Дождь здесь просто пытка. В других частях света ливень чаще всего оказывается благом. Ему рады посевы, рады животные и растения, а если добавить немного романтики, то ему рады и влюбленные. Во всем мире, но только не в Стамбуле. Здесь дождь не обязательно означает промокнуть. Или даже испачкаться. Нет, он повод разозлиться. Дождь — это ведь грязь, хаос и ярость, словно нам их и без того мало. И еще дождь — это борьба. Всегда. Десять миллионов человек, как барахтающиеся в воде беспомощные котята, тщетно сражаются с летящими каплями. Не то чтобы мы были совсем одиноки в этой борьбе. Вместе с нами улицы с их допотопными названиями, нанесенными по трафарету на жестяные таблички, и разбросанные здесь и там гробницы бесчисленных святых, и горы мусора, поджидающие на каждом углу, и пугающе огромные строительные котлованы, которые скоро превратятся в помпезные современные здания. Мы все злимся, когда небеса, разверзшись, плюют нам на голову.

Но потом, когда на землю падают последние капли, а другие повисают на отмытых от пыли листьях, в беззащитное мгновение, когда мы еще не уверены, что дождь прекратился, и дождь тоже в этом не уверен, в светлый промежуток вдруг снисходит умиротворение. На протяжении одной долгой минуты небо будто извиняется за весь учиненный бардак. А мы, с пропитанными влагой волосами и сырыми обшлагами, все еще уныло и опасливо всматриваемся в прояснившееся лазурное небо. Смотрим и невольно улыбаемся в ответ. Мы прощаем небо. Всегда.

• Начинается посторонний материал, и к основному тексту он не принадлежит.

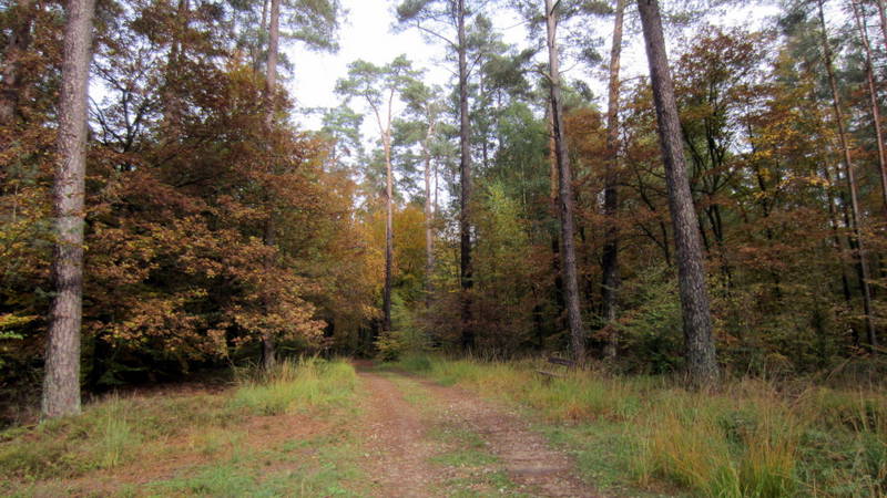 An einer Kreuzung, wo früher mal Bahn gefahren ist, wechselten wir wieder in einen Mischwaldstück, in dem meist die Kiefer wuchsen.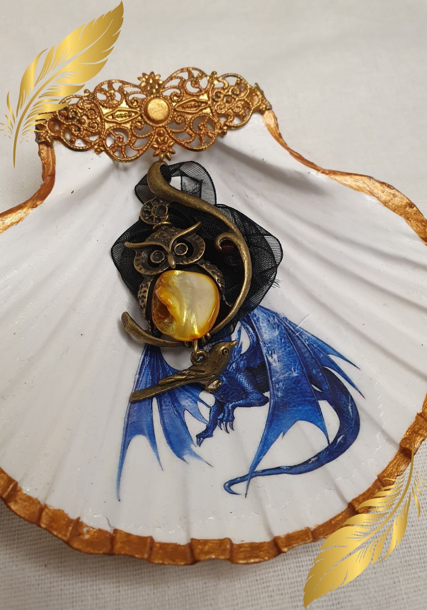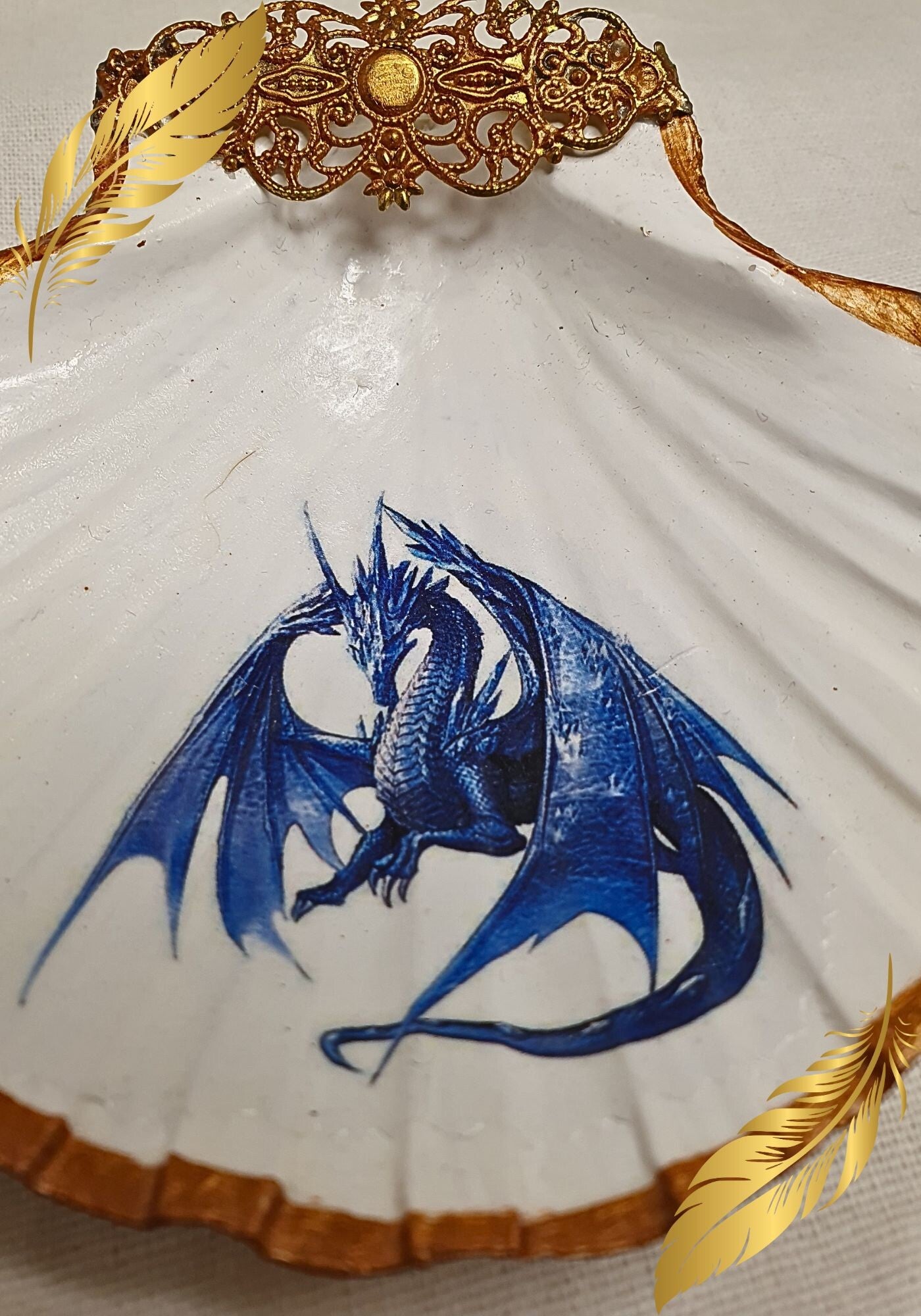 Élégante et unique, cette véritable coquille Saint-Jacques a été revisitée à la main : un dragon bleu, gardien des eaux et symbole de sagesse, de protection et de renouveau, orne son intérieur. Une estampe dorée vient l’illuminer, tandis que le contour est délicatement souligné d’or.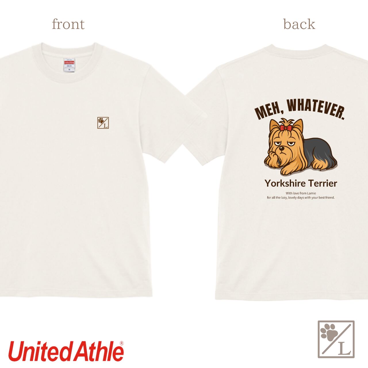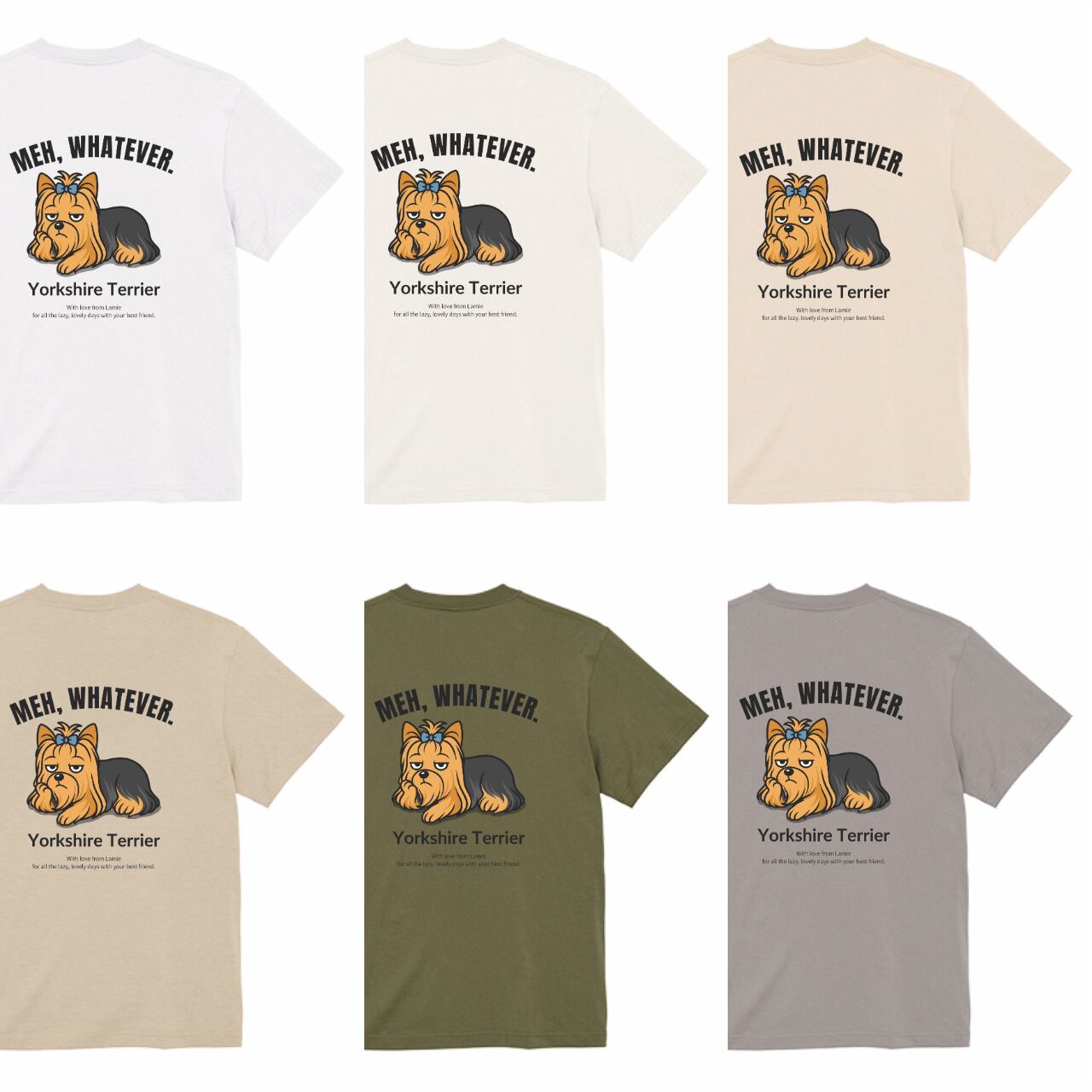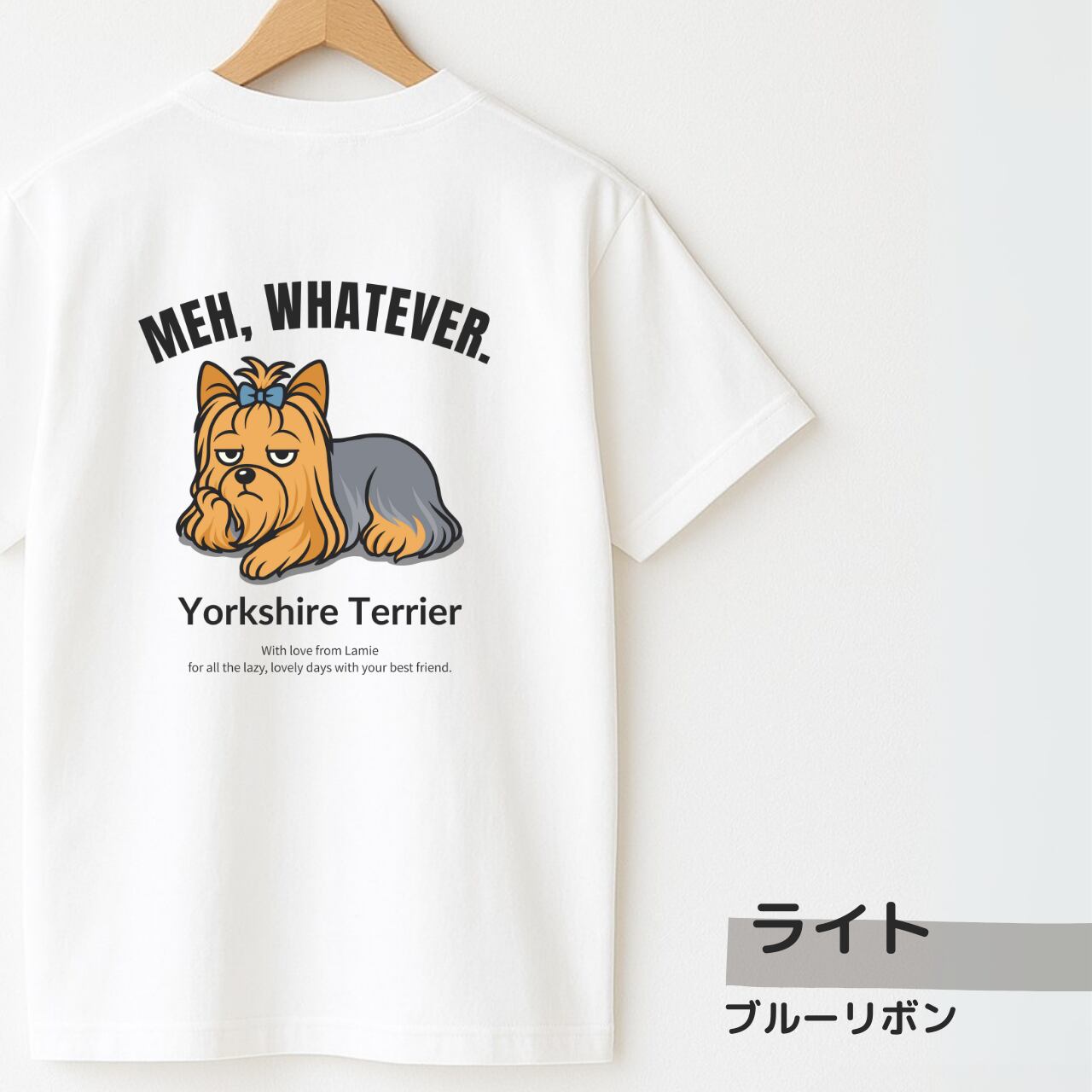 【ヨークシャーテリア】犬 イラスト Tシャツ / MEH, WHATEVER. / ペアルック対応 名入れOK メンズ レディース 6色展開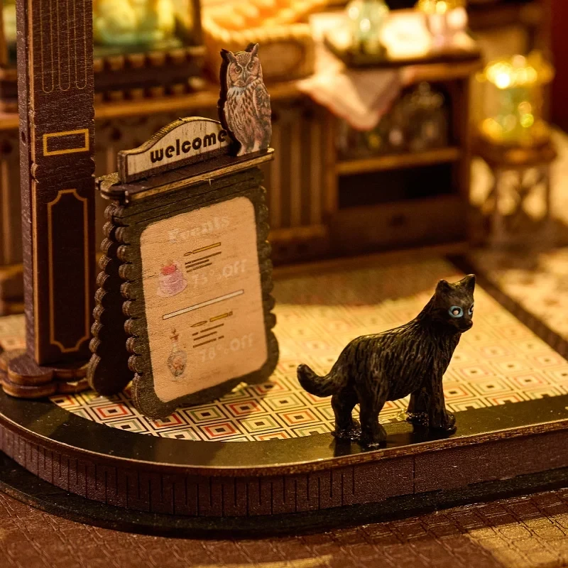 Představte si místo, kde se čas zastaví s prvním douškem kávy a oknem se line měkká záře hvězd. Kouzelná kavárna Hvězdný punč je detailní DIY Book Nook kit, který promění váš regál v teplý kout fantazie – v malou kavárnu ukrytou mezi stránkami knih. Z precizně laserem řezaných dřevěných dílů vzniká malebná scéna: dřevěné stolky, kávovar, lampy i tajemné dveře, za nimiž se možná schovává jiný svět. LED osvětlení dodá diorámě měkký jantarový lesk, takže působí, jako by se právě rozzářila ve chvíli večerního klidu.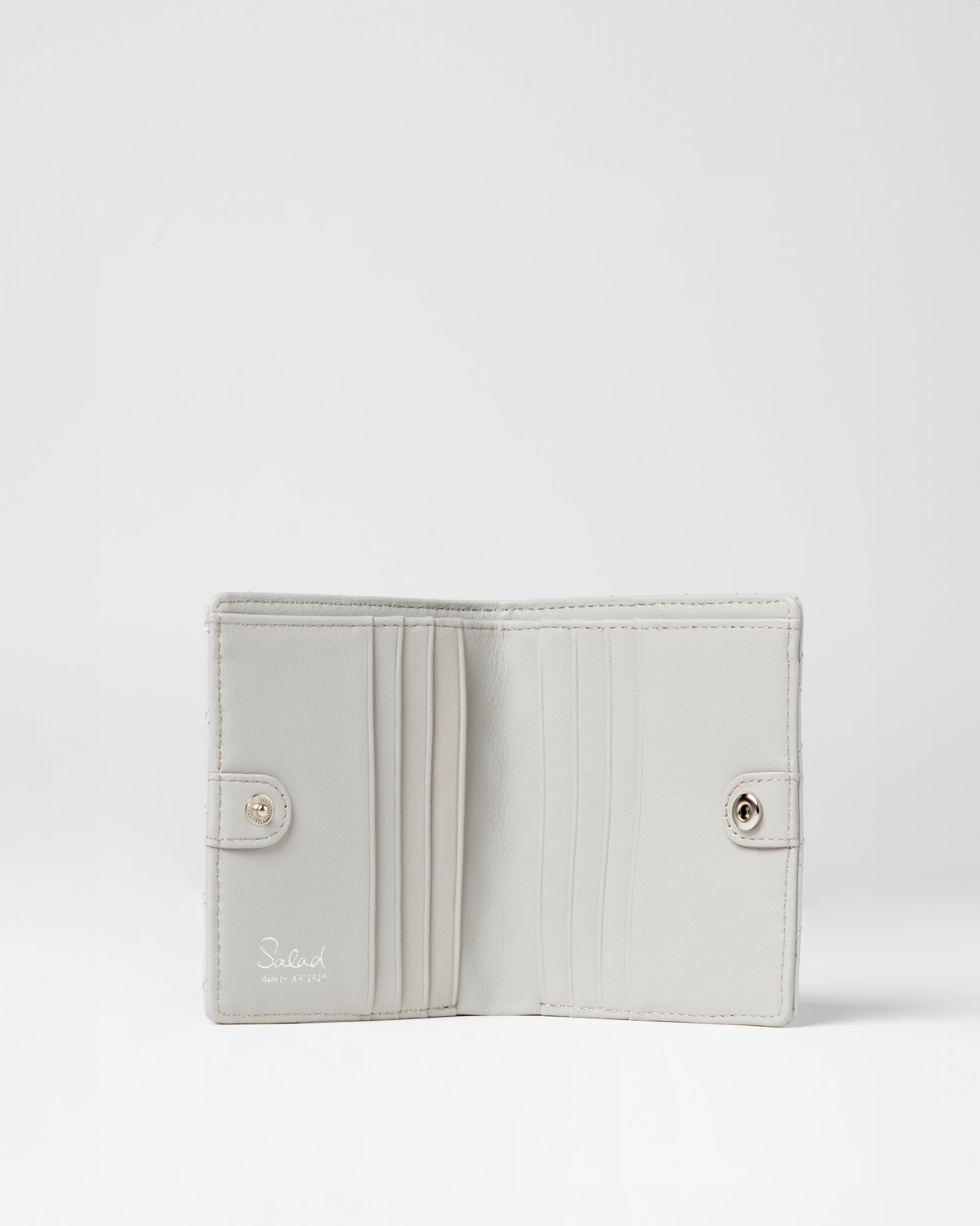金屬鈕開合、內附一個鈔票隔層、八個信用卡夾層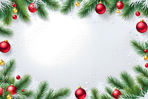 christmas border frame on white snow background with copy space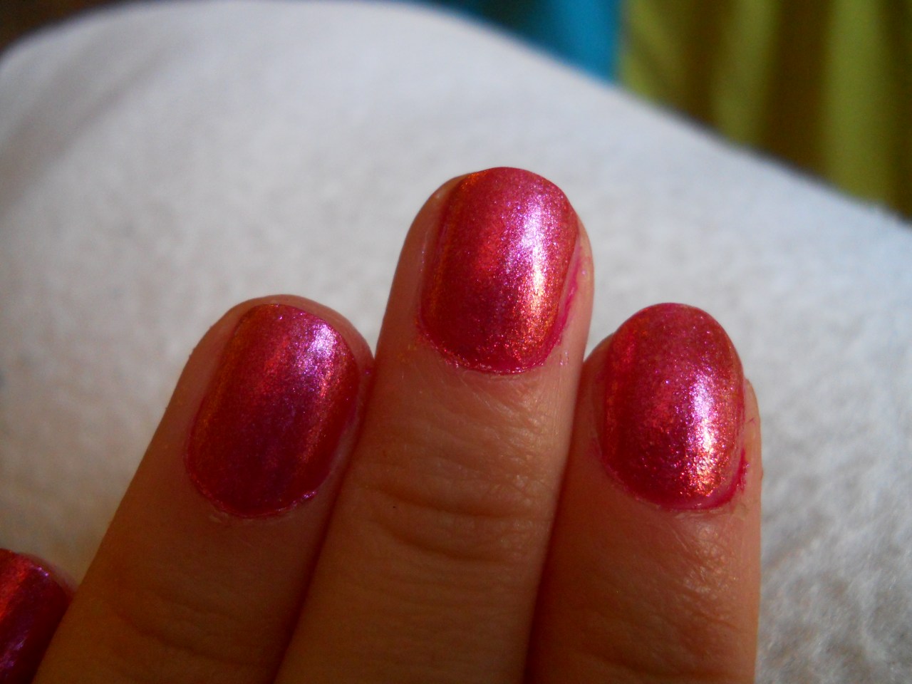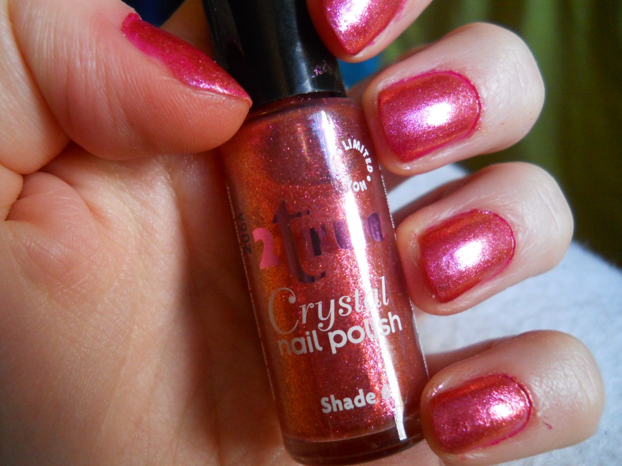 It doesn’t have a name other than being called ‘Shade 6’ and it is packaged differently from the other 2True polishes as it’s a limited edition ‘Crystal’ polish. For £1.99 I thought this was a treat that we could all justify buying ourselves and it certainly hasn’t let me down. Although it would take many layers to achieve full opacity, I applied two coats of Barry M’s Shocking Pink which is a bright pink as a base and then topped it off with two coats of the 2True polish. I applied this as soon as I got home and today is day three of having it on my nails and I’m still so in love with it. It catches the light amazingly and I haven’t seen a single chip so far. The gorgeous shine this polish creates hasn’t dulled and I can definitely see another good 2-3 days of wear. I highly recommend this for fun nails that don’t cost a fortune!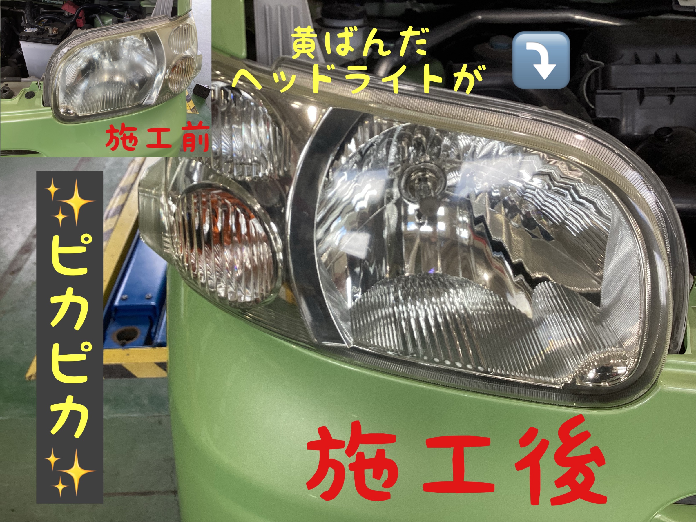 ヘッドライトコーティングもお任せください!
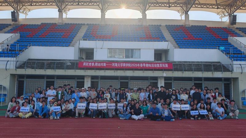 商跃青春,趣动河海。4月19日下午,足球賽事直播 顺利举办“商跃青春,趣动河海”2026年春季趣味运动暨素质拓展活动,学院300余名师生参加活动。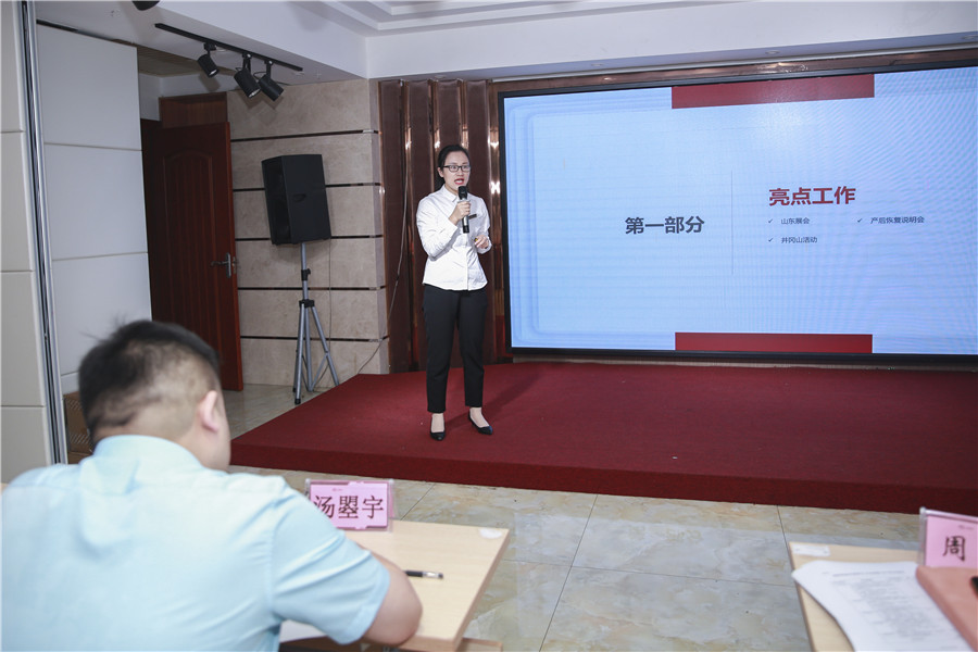 综合部、市场部、外联部、发展事业部、直营门店及门店运营部、品牌运营及商学院各部门负责人,依次上台进行汇报,系统展示了部门在5月份取得的成绩,同时总结工作经验,分析存在不足。分享中,各部门负责人还详细阐述了6月份的部门工作计划,以具体化的工作措施,明确前行任务及必达目标。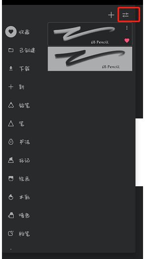 2.在画布上打开画笔库界面,选择一个你常用的画笔。上面的缩略图右下角有一个小爱图标。没有收藏就显示灰色,有就显示红色。
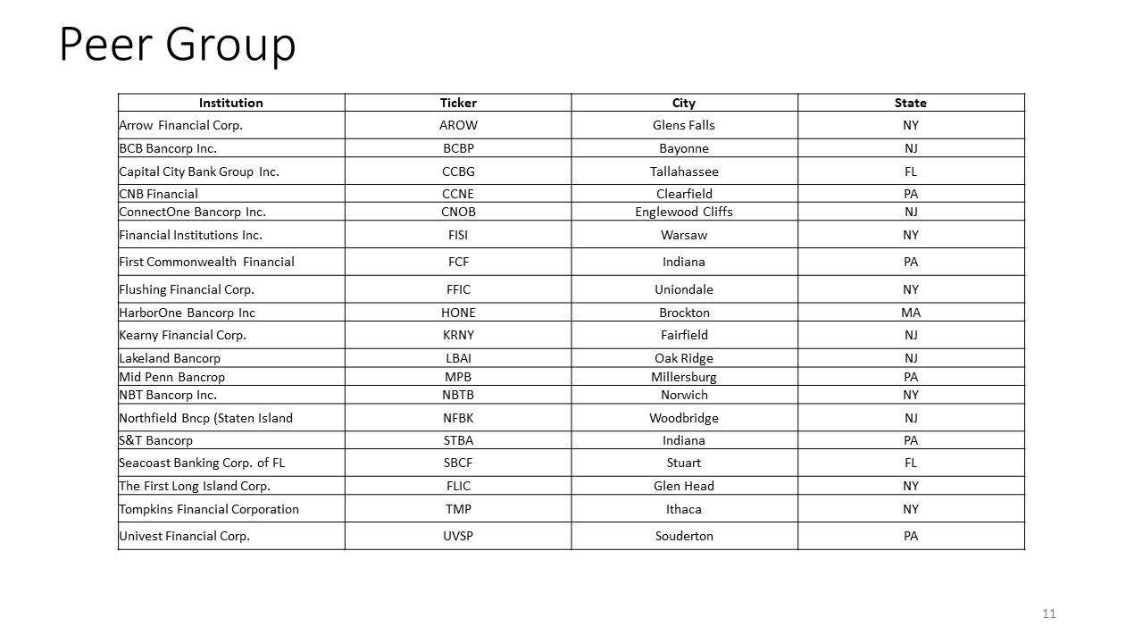 11  Peer Group  Institution  Ticker  City  State  Arrow Financial Corp.  AROW  Glens Falls  NY  BCB Bancorp Inc.  BCBP  Bayonne  NJ  Capital City Bank Group Inc.  CCBG  Tallahassee  FL  CNB Financial  CCNE  Clearfield  PA  ConnectOne Bancorp Inc.  CNOB  Englewood Cliffs  NJ  Financial Institutions Inc.  FISI  Warsaw  NY  First Commonwealth Financial  FCF  Indiana  PA  Flushing Financial Corp.  FFIC  Uniondale  NY  HarborOne Bancorp Inc  HONE  Brockton  MA  Kearny Financial Corp.  KRNY  Fairfield  NJ  Lakeland Bancorp  LBAI  Oak Ridge  NJ  Mid Penn Bancrop  MPB  Millersburg  PA  NBT Bancorp Inc.  NBTB  Norwich  NY  Northfield Bncp (Staten Island  NFBK  Woodbridge  NJ  S&T Bancorp  STBA  Indiana  PA  Seacoast Banking Corp. of FL  SBCF  Stuart  FL  The First Long Island Corp.  FLIC  Glen Head  NY  Tompkins Financial Corporation  TMP  Ithaca  NY  Univest Financial Corp.  UVSP  Souderton  PA

Пока, впрочем, дождь лил как из ведра, а Зелиха вовсе не склонялась к прощению, ибо была без зонта. Дело в том, что она зареклась снова покупать очередной дорогущий зонт у очередного уличного торговца — все равно, дура безмозглая, забудет его неизвестно где при первых лучах солнца. А промокнет до нитки — ну и поделом, сама виновата, тем более что теперь слишком поздно, она и так уже хоть выжимай. Этим дождь похож на горе. Ты изо всех сил стараешься уберечься, но, когда оказывается, что усилия тщетны, перестаешь считать капли и всецело отдаешься обрушившемуся на тебя бурному потоку. Дождь стекал с ее темных кудрей на широкие плечи. В отличие от всех своих родственниц, Зелиха не выпрямляла и не красила черные как вороново крыло курчавые волосы — родовой признак женщин семьи Казанчи.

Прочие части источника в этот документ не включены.